Although random muscle biopsies in autopsy series often demonstrate muscle granulomas in patients with sarcoidosis, symptomatic myopathy with weakness and tenderness is uncommon. Rarely, sarcoidosis can present as a polymyositis with profound weakness and elevated serum creatine kinase and aldolase levels.

Radiographic skeletal findings are most typically noted as incidental findings and observed in <10% of all patients. These typically present as cystic and lytic lesions of varying sizes and may have associated sclerotic margins (Figure 54–3). Most commonly involved areas include bones of the skull, vertebrae, hands, and feet. The use of other imaging modalities (CT, MRI with gadolinium, technetium bone scan) has not been proven to be useful for judging the activity of such lesions or differentiating them from infection or malignancy.

Fibromyalgia may be associated with sarcoidosis and causes considerable morbidity in such patients. This cause of pain does not respond to immunosuppressive therapy.

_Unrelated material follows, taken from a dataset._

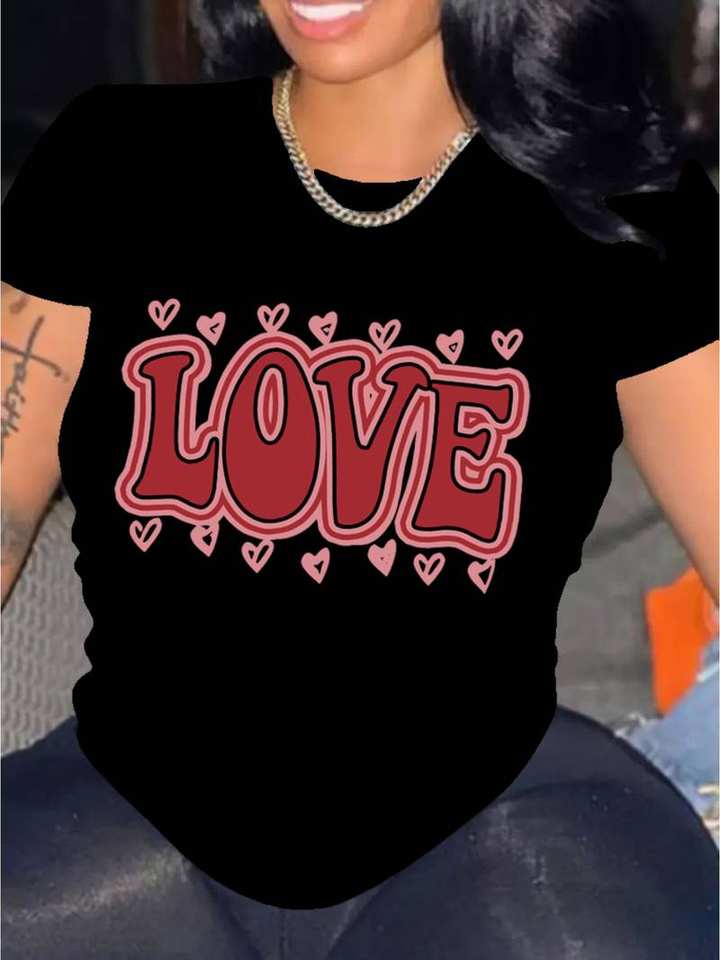 Women's Black Love Graphic T-Shirt Crew Neck Short Sleeve Casual Valentine's Day Gym Matching Jersey Fabric Plastisol Print

Gastrointestinal Sarcoidosis

Although a liver biopsy demonstrates granulomatous inflammation in over 50% of patients, clinically significant liver involvement is documented in only 10–20% of patients and is rarely the sole manifestation of this disease. Active hepatic inflammation may be associated with fever, tender hepatomegaly, and pruritus. Characteristically, the serum alkaline phosphatase and γ-glutamyltransferase are elevated disproportionately higher than the transaminases or bilirubin. This is often part of a constellation of hepatic, spleen, and bone marrow involvement with or without hypercalcemia, sometimes referred to as “abdominal sarcoidosis.” Elevated serum liver function tests frequently revert to normal spontaneously or after treatment with glucocorticoids. Progressive cirrhosis may occur if severe, persistent granulomatous hepatitis is not treated.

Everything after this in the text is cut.